David William Balza (born August 15, 1969) is a former American college basketball coach for the Palm Beach Atlantic Sailfish and was the first head men's basketball coach in Florida Gulf Coast University history. He served from their inaugural season in 2002–03 through the 2010–11 season, after which he was fired. He was student manager for the 1988–89 Michigan Wolverines men's basketball team that won the 1989 NCAA Division I men's basketball tournament. He retired from coaching at the conclusion of the 2020-21 season.

==Head coaching record==

Statistics overview
| Season | Team | Overall | Conference | Standing | Postseason |
Saint Joseph's College (Indiana) (Great Lakes Valley Conference) (1998–2001)
| 1998–99 | St. Joseph's | 9–18 | 8–14 | 8th |  |
| 1999–00 | St. Joseph's | 8–18 | 4–16 | T-11th |  |
| 2000–01 | St. Joseph's | 18–13 | 11–9 | 4th |  |
| St. Joseph's: |  | 35–49 (.417) | 23–39 (.371) |  |  |  |  |  |
Florida Gulf Coast Eagles (Independent) (2002–2007)
| 2002–03 | Florida Gulf Coast | 23–9 |  |  |  |
| 2003–04 | Florida Gulf Coast | 22–5 |  |  |  |
| 2004–05 | Florida Gulf Coast | 24–7 |  |  | Division II First Round |
| 2005–06 | Florida Gulf Coast | 18–12 |  |  |  |
| 2006–07 | Florida Gulf Coast | 27–6 |  |  |  |
Florida Gulf Coast Eagles (Atlantic Sun Conference) (2007–2011)
| 2007–08 | Florida Gulf Coast | 10–21 | 6–10 | 8th |  |
| 2008–09 | Florida Gulf Coast | 11–20 | 7–13 | 9th |  |
| 2009–10 | Florida Gulf Coast | 8–21 | 5–15 | 10th |  |
| 2010–11 | Florida Gulf Coast | 10–20 | 7–13 | 7th |  |
| Florida Gulf Coast: |  | 153–121 (.558) | 25–51 (.329) |  |  |  |  |  |
Bethany Lutheran Vikings (Upper Midwest Athletic Conference) (2011–2013)

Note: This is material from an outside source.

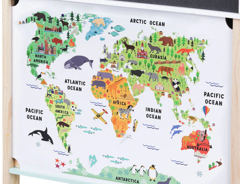 - The back of the kitchen unit has an Illustrated world map and a black chalkboard.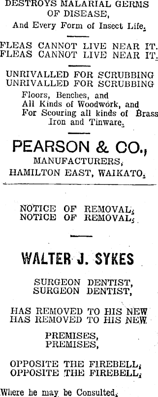 DESTROYS MALARIAL GERMS OF DISEASE, And Every Form of Insect Life. FLEAS CANNOT LIVE NEAR IT. FLEAS CANNOT LIVE NEAR IT, UNRIVALLED FOR SCRUBBING UNRIVALLED FOR SCRUBBING Floors, Benches, and All Kinds of Woodwork, and For Scouring all kinds of Brass Iron and Tinware. PEARSON & CO., MANUFACTURERS < HAMILTON EAST, WAIKATO, NOTICE OF REMOVAL.NOTICE OF REMOVAL,WALTER J. SYKES SURGEON DENTIST, SURGEON DENTIST, HAS REMOVED TO HIS NEW HAS REMOVED TO HIS NEW PREMISES, PREMISES, OPPOSITE THE FIREBELL,OPPOSITE THE FIREBELL, Where he may be Consulted;

| 2011–12 | Bethany Lutheran | 16–11 | 13–1 | 1st |  |
| 2012–13 | Bethany Lutheran | 12–14 | 9–5 | 2nd |  |
| Bethany Lutheran: |  | 28–25 (.528) | 22–6 (.786) |  |  |  |  |  |
Palm Beach Atlantic Sailfish (Independent) (2013–2016)
| 2013–14 | Palm Beach Atlantic | 8–18 |  |  |  |
| 2014–15 | Palm Beach Atlantic | 10–16 |  |  |  |
| 2015–16 | Palm Beach Atlantic | 12–14 |  |  |  |
Palm Beach Atlantic Sailfish (Sunshine State Conference) (2016–present)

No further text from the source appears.